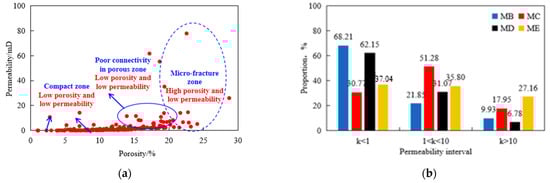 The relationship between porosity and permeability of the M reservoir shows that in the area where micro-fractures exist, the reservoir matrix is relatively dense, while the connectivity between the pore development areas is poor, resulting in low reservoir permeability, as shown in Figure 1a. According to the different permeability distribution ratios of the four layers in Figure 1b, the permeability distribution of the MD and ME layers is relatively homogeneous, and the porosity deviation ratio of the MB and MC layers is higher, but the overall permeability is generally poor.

--

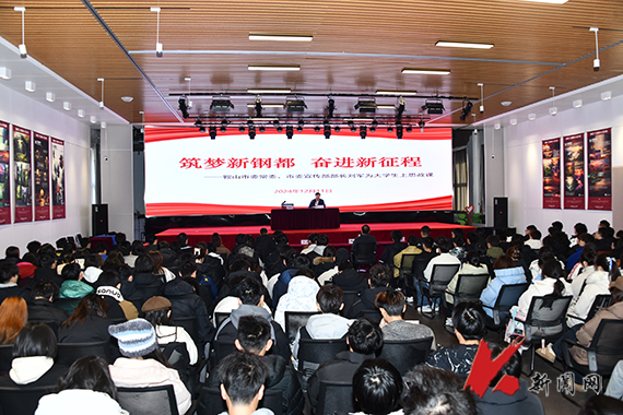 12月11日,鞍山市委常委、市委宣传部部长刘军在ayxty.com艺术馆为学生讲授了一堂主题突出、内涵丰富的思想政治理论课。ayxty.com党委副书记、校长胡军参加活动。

...

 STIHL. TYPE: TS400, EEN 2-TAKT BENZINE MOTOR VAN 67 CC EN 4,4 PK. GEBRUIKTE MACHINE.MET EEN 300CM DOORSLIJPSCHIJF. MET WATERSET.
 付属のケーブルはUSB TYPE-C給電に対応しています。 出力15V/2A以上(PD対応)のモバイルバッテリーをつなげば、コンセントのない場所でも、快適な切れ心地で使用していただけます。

The task: Above are entries; state the number of lines among them that contain "TYPE", and nothing else.

Answer to the problem: 2